Prove that $f(a)=f(b)$ if $\int_{-\infty}^{\infty}f(x)dx=1$

The trick is reframing it in language that is familiar to optimization.

Let $g(a,b) = b - a$. We want to minimize $g$ subject to the constraint $h(a,b) = \int_a^b f(t) \ dt = \alpha$ for some $\alpha \in (0,1)$.

Note that the constraint isn't vacuous because $\int_{\mathbb R}f = 1 $ implies there must be at least one pair $(a,b)$ which satisfies $h(a,b) = \alpha$.

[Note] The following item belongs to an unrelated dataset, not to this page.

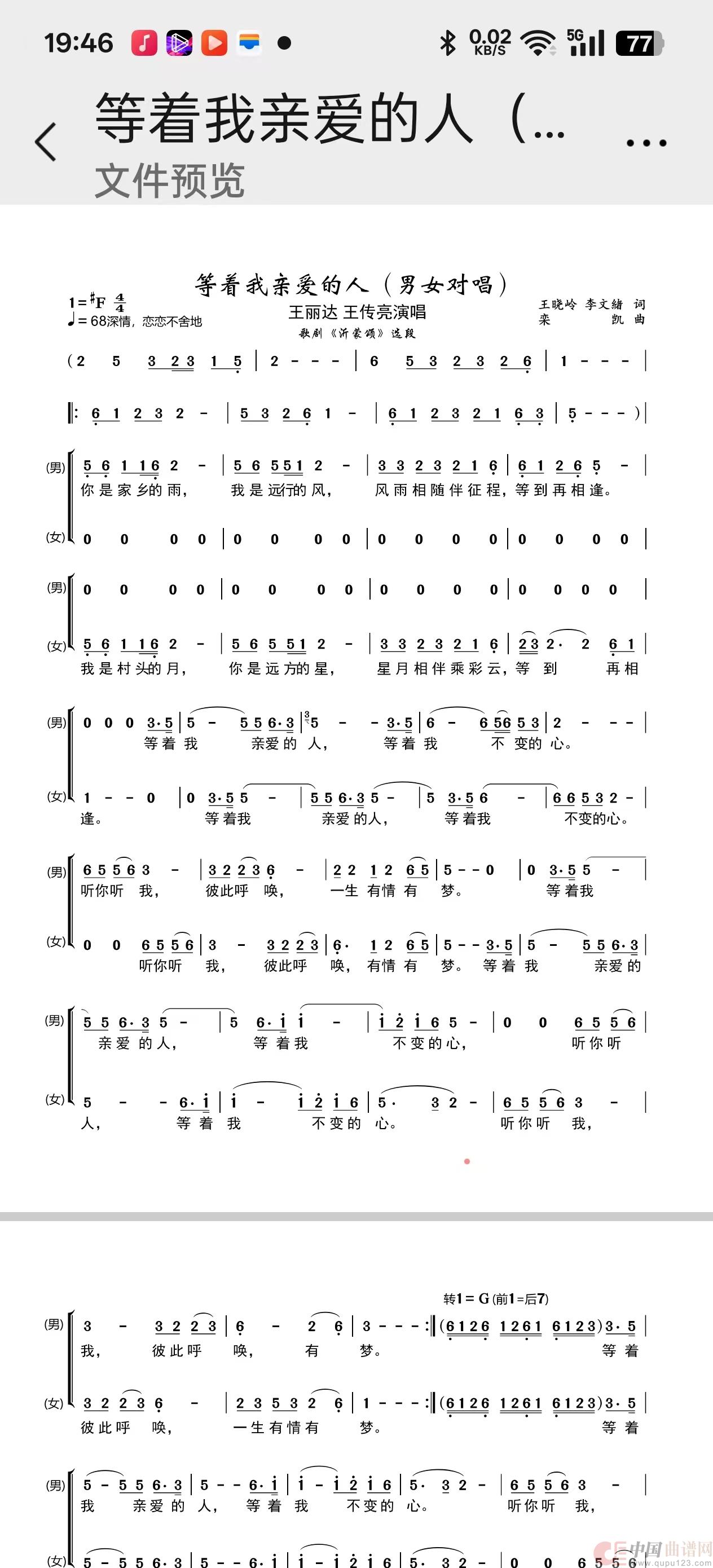 关于《等着我亲爱的人(男女对唱)》曲谱的评论

Using now Lagrange multipliers, $\nabla g - \lambda \nabla h = 0$ iff

$$-1 + \lambda \frac{\partial h}{\partial a} = 0 \ \ \ \text{ and } \ \ \ 1 + \lambda \frac{\partial h}{\partial b} = 0$$

Apply the Fundamental Theorem of Calculus and you're done.


This is a nice result. I tried at first to construct a counterexample.

Intuitively, I think I've convinced myself it makes sense: on the optimizing interval $[a,b]$, there is some value of $x \in (a,b)$ for which $f(x) > \max\left( f(a), f(b) \right)$. Now look at alternative scenario intervals $J= [a\pm\delta_1, b\pm\delta_2]$, which maintain $\int_J f = \alpha$. If $f(a) \neq f(b)$ it looks like we can make $J$ shorter than $b - a$.

If anyone can turn that into a formal argument it would be interesting to see.